Make delayed enrollment try indefinitely #4727

blakerouse · 2024-05-09T15:02:48Z

What does this PR do?

Make delayed enrollment try indefinitely to enroll into Fleet.

Why is it important?

In some cases when a new machine comes online with delayed enrollment it doesn't have network access immediately so the enrollment needs to keep trying until it is able to successfully enroll into Fleet.

Checklist

My code follows the style guidelines of this project
I have commented my code, particularly in hard-to-understand areas
~~[ ] I have made corresponding changes to the documentation~~
~~[ ] I have made corresponding change to the default configuration files~~
~~[ ] I have added tests that prove my fix is effective or that my feature works~~
I have added an entry in ./changelog/fragments using the changelog tool
I have added an integration test or an E2E test

Disruptive User Impact

Doesn't disrupt the user, it provides the more reliability for delayed enrollment.

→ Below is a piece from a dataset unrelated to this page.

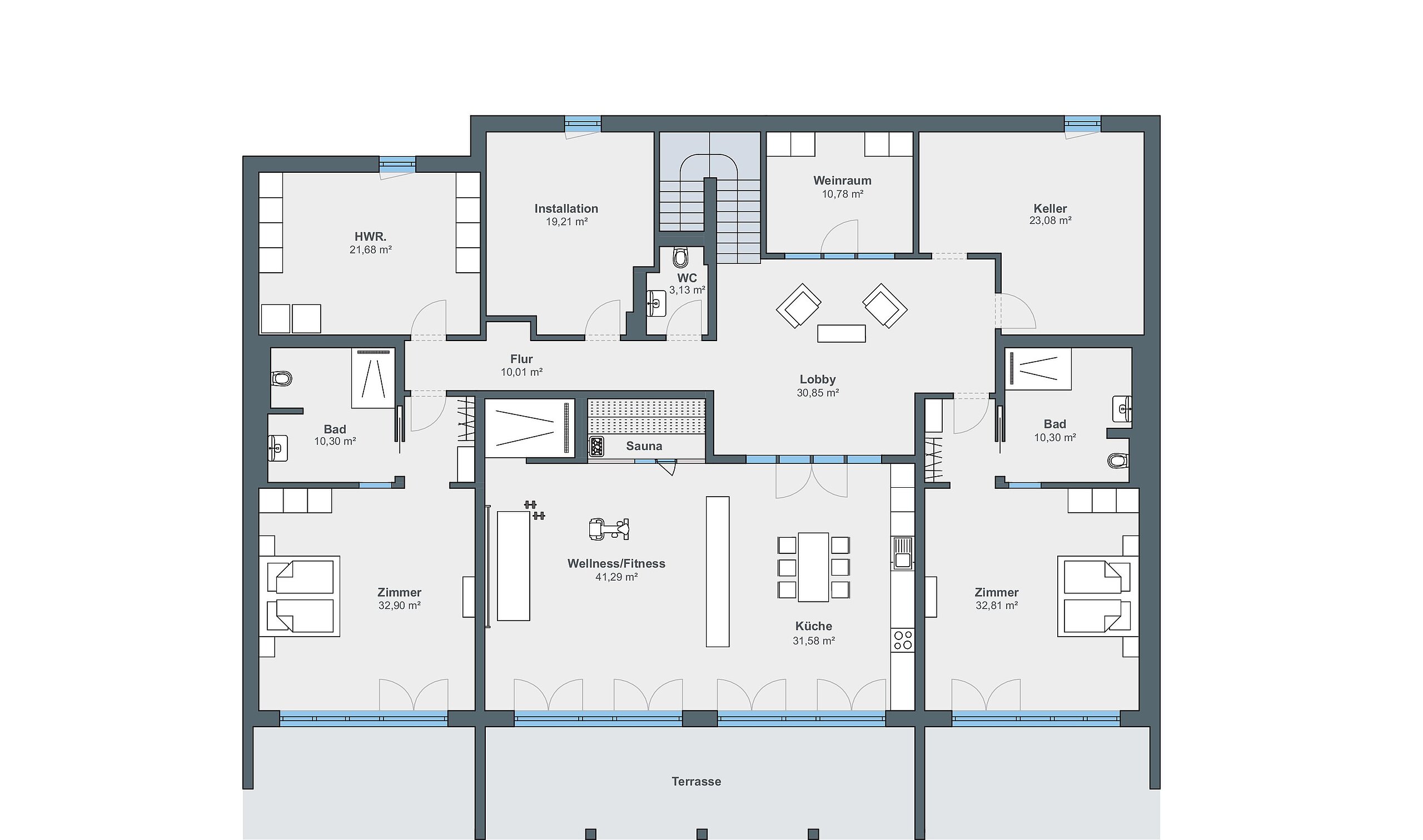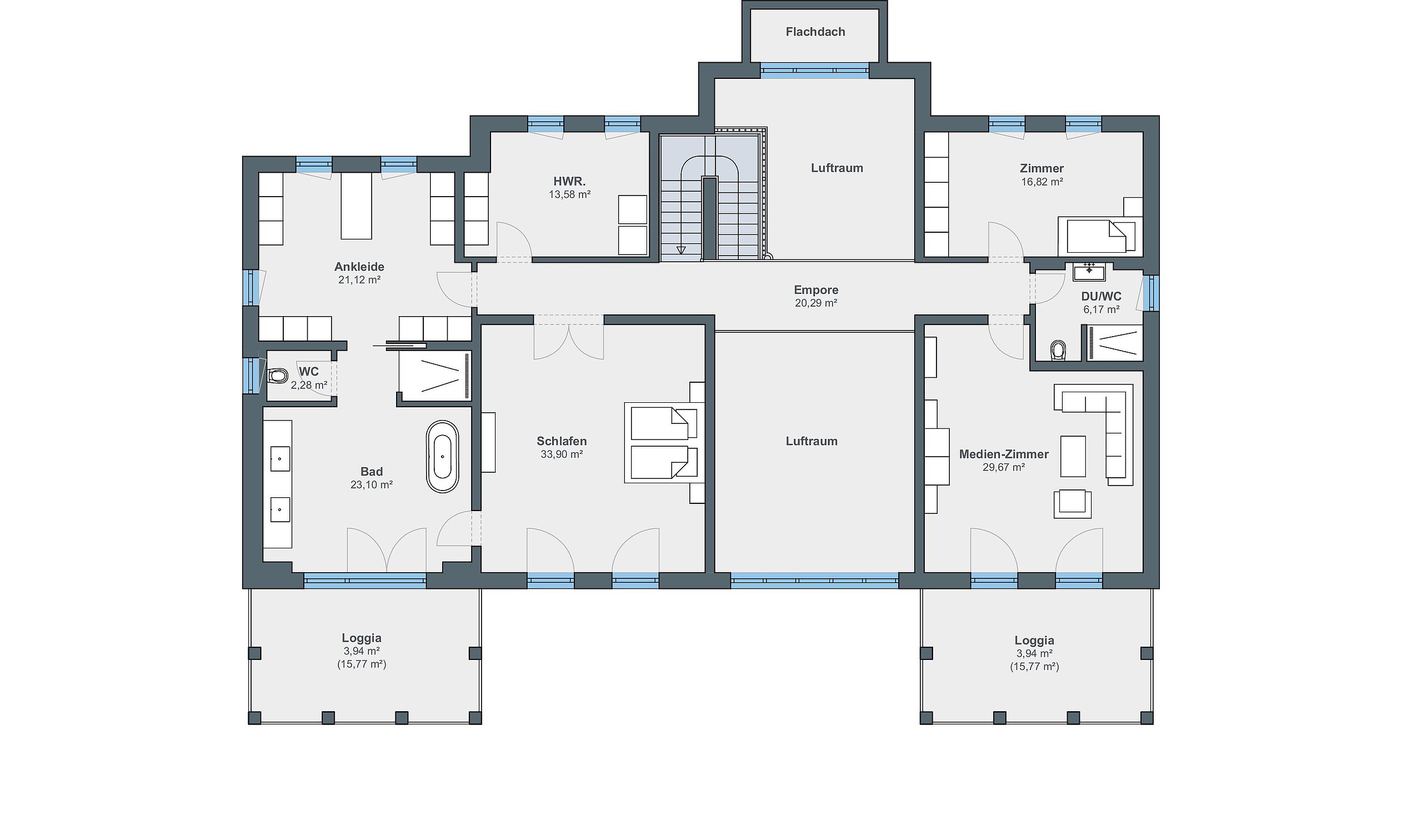 Das Obergeschoss teilt sich in zwei Trakte: Auf der rechten Seite befindet sich der Bereich der Eheleute, bestehend aus Schlafzimmer, Ankleide und luxuriös ausgestattetem Badezimmer. Auf der linken Seite liegen der Medienraum sowie ein weiteres Schlafzimmer mit Duschbad. An beide Trakte ist jeweils eine überdachte Loggia angeschlossen. Weit reicht von hier der Blick über die malerische Landschaft bis hin zur Skyline von Frankfurt. Das Untergeschoss ist für die erwachsenen Kinder reserviert. Hinter ihren Rückzugsbereichen befinden sich Abstell- und Technikräume.

How to test this PR locally

Install with --delay-enroll
Manually start the Elastic Agent service
Should enroll and then run.

Related issues

Closes Elastic Agent service configured with delayed enrollment exits when it cannot connect. #4716

elasticmachine · 2024-05-09T15:02:51Z

Pinging @elastic/elastic-agent-control-plane (Team:Elastic-Agent-Control-Plane)

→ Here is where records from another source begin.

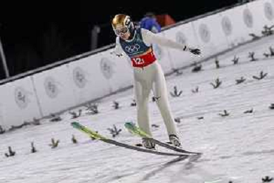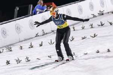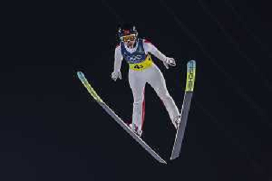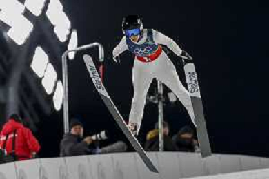 Qiwu SONG, CHN, bib nu 4-2, Action Photo, Mixed Team Normal Hill HS107 at Ski Jumping Olympic Winter Games 2025-26 in Milano Cortina, Italy, 2026-02-10, Photo Credit: action press / Julia Piatkowska AG KARMAPRESS-AG ALDO LIVERANI SAS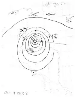 Early on October 2, the tenth tropical storm of the season was noted about 150 mi (240 km) northeast of the Nicaragua–Honduras border. It intensified into a Category 1 hurricane by 00:00 UTC the next day on a general west-northwest track and peaked with winds of 90 mph (140 km/h) 24 hours later,[2] although the crew aboard a reconnaissance aircraft originally estimated 100 mph (160 km/h) sustained winds.[3] The cyclone tracked west-southwest and made landfall north of Punta Gorda, Belize at peak strength, quickly weakening once inland. Crossing Guatemala and Chiapas, the depression paralleled the coastline of Mexico for a time before moving ashore west of Lázaro Cárdenas, Michoacán. The wilting system dissipated over southern Durango by 12:00 UTC on October 7.[2]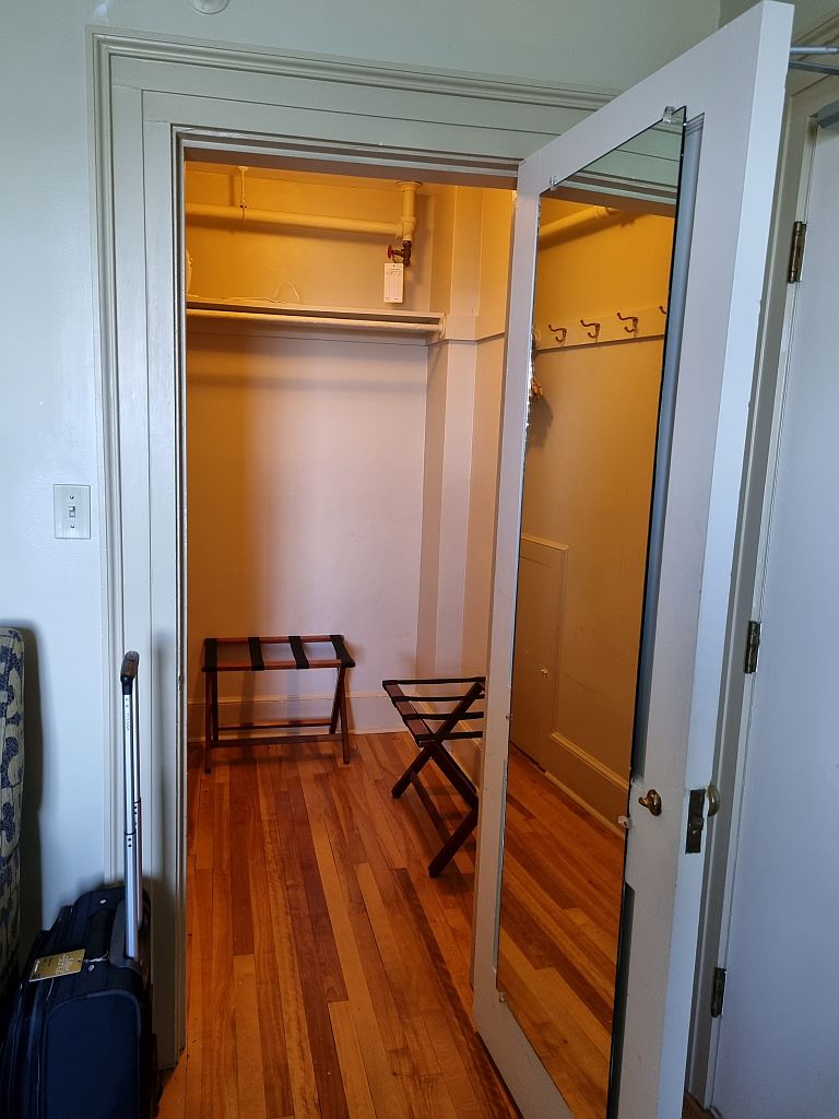 Auch etwas Stauraum gab es, im Gegensatz zu anderen Unterkünften auf dieser Reise. Wenn auch ein aufgeklappter Koffer ausgereicht hat, um sich im Raum nicht mehr bewegen zu können.
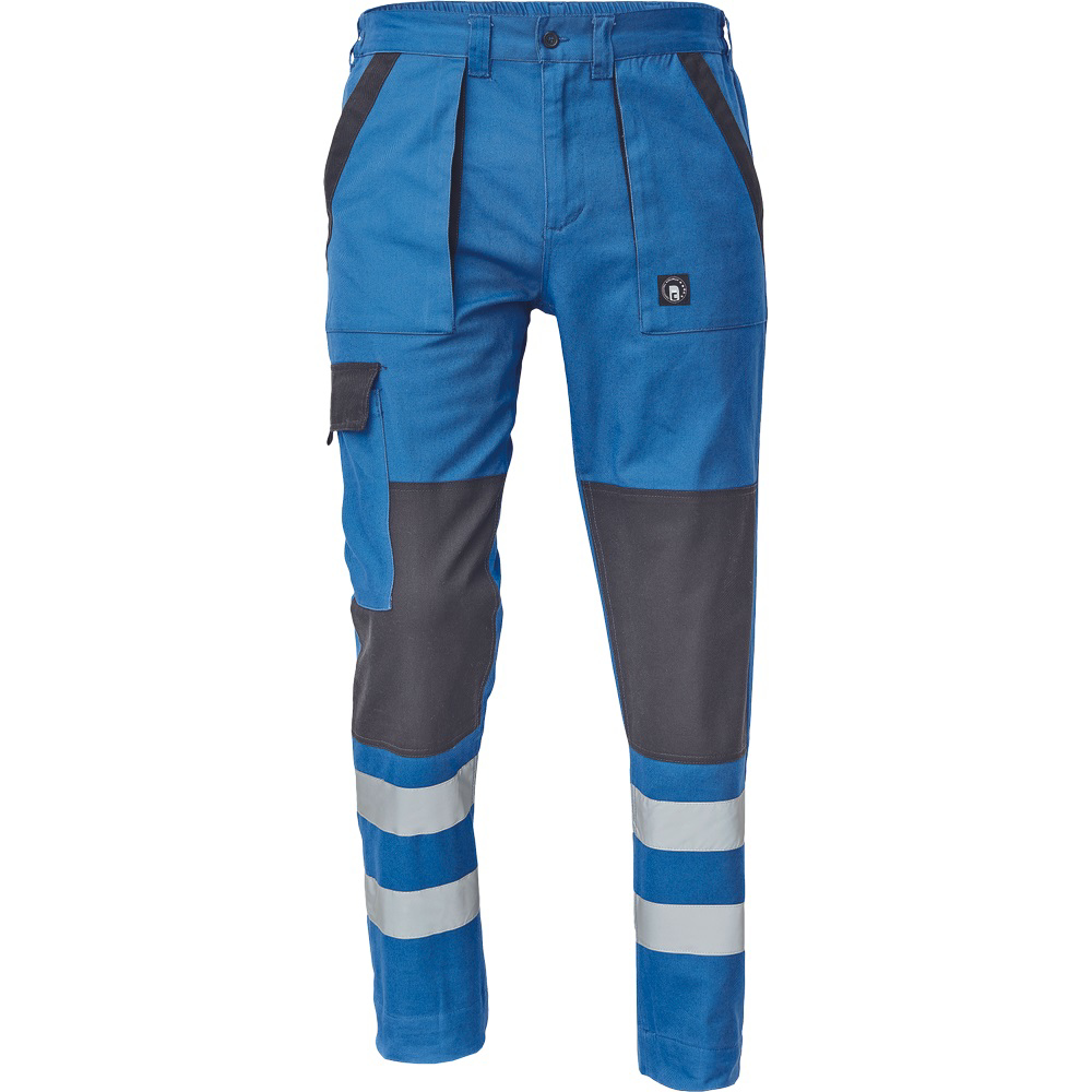 Popis:• pánské pracovní kalhoty s elastickým pasem • 2 přední kapsy • 1 stehenní kapsa • 2 zadní kapsy • reflexní pruhy na spodní části nohavic • zesílená oblast kolen • nastavitelná délka nohavic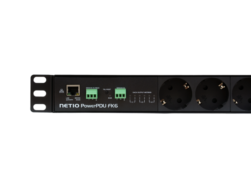 The device is also equipped with two Digital Inputs (DI), those can be used for direct connection to a NETIO sensors, NETIO nBus (device daisy-chaining feature), or an S0 counter. Additionally, the PowerPDU VK6 supports both LAN connectivity and integrates all the benefits of the NETIO Toolbox.

strawgate · 2024-05-09T15:06:11Z

one thing that we might want to consider is having the service report "started" earlier in the process so that the service does flap instead of the service showing as "running" but not actually doing anything?

cmacknz · 2024-05-09T17:26:02Z

Yeah I am concerned that this will make true failed enrolments harder to debug and notice, as the agent process will just appear deadlocked. I am thinking of failures like the "we forget we had a proxy" case or an invalid enrollment token or something.

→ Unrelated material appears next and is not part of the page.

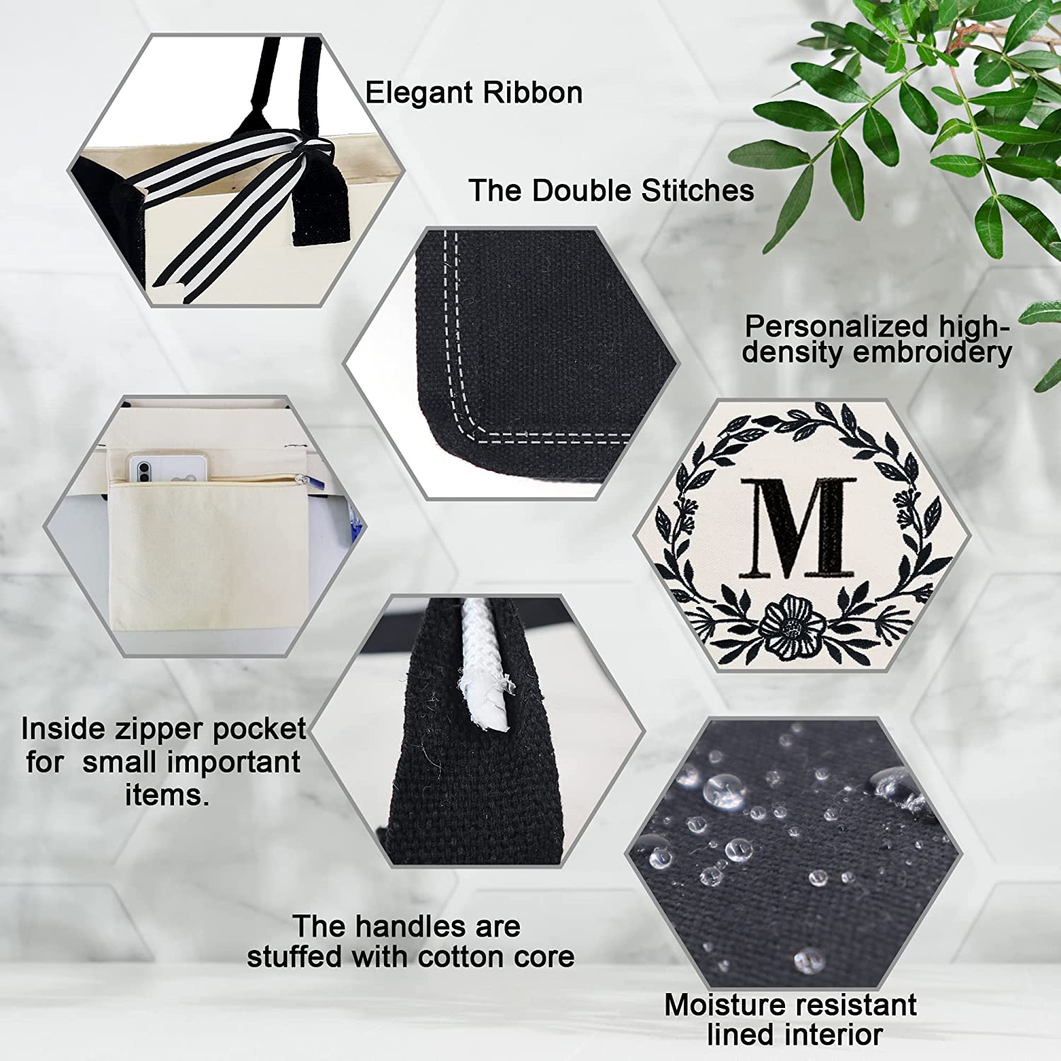 • Classic Monogram Embroidery Font & Personalized Gifts: Each personalized gifts bag is individual using a high thread density monogram in a classic black font. Allowing you to give your gift a personal touch.So the monogram initial canvas tote bag could be as a perfect birthday gift for women,mom,teacher, bride, hostess, mother, friends. Also, the beach bag can be an adorable way to thank your bridesmaids, maid of honor, mother of the bride/groom, guests on wedding day.

I think we should look at solutions that behave better in the case of failure first:

Doing the delayed enrollment asynchronously so that the agent is still response, but if we do it late enough I think we have to re-exec, which potentially runs into this problem of exiting before Windows thinks we've started again.
Moving the point where we report ourselves as running to Windows out of the goroutine so that it is guaranteed to happen first before we can exit, and seeing if Windows then properly handles restarts. Elastic Agent service configured with delayed enrollment exits when it cannot connect. #4716 (comment). I do wonder if we also need a way to detect that windows has received+processed the svc.Running event before we exit, in case it is not enough to just have sent it and assuming it gets processed in time.

There is a chance we need a combination of both of those things.

blakerouse · 2024-05-09T18:00:30Z

Yeah I am concerned that this will make true failed enrolments harder to debug and notice, as the agent process will just appear deadlocked. I am thinking of failures like the "we forget we had a proxy" case or an invalid enrollment token or something.

If any of that is wrong then it should still keep retrying. It will be logged that it cannot enroll and the Elastic Agent will stay running occurring to the WIndows service manager.

I think we should look at solutions that behave better in the case of failure first:

Doing the delayed enrollment asynchronously so that the agent is still response, but if we do it late enough I think we have to re-exec, which potentially runs into this problem of exiting before Windows thinks we've started again.

Why is it being changed to asynchronous? The Elastic Agent cannot do anything other than enroll at this point. All problems with enrollment in delayed enrollment should be retried. This is a VM image being deployed there is no command and control until its enrolled.

Moving the point where we report ourselves as running to Windows out of the goroutine so that it is guaranteed to happen first before we can exit, and seeing if Windows then properly handles restarts. Elastic Agent service configured with delayed enrollment exits when it cannot connect. #4716 (comment). I do wonder if we also need a way to detect that windows has received+processed the svc.Running event before we exit, in case it is not enough to just have sent it and assuming it gets processed in time.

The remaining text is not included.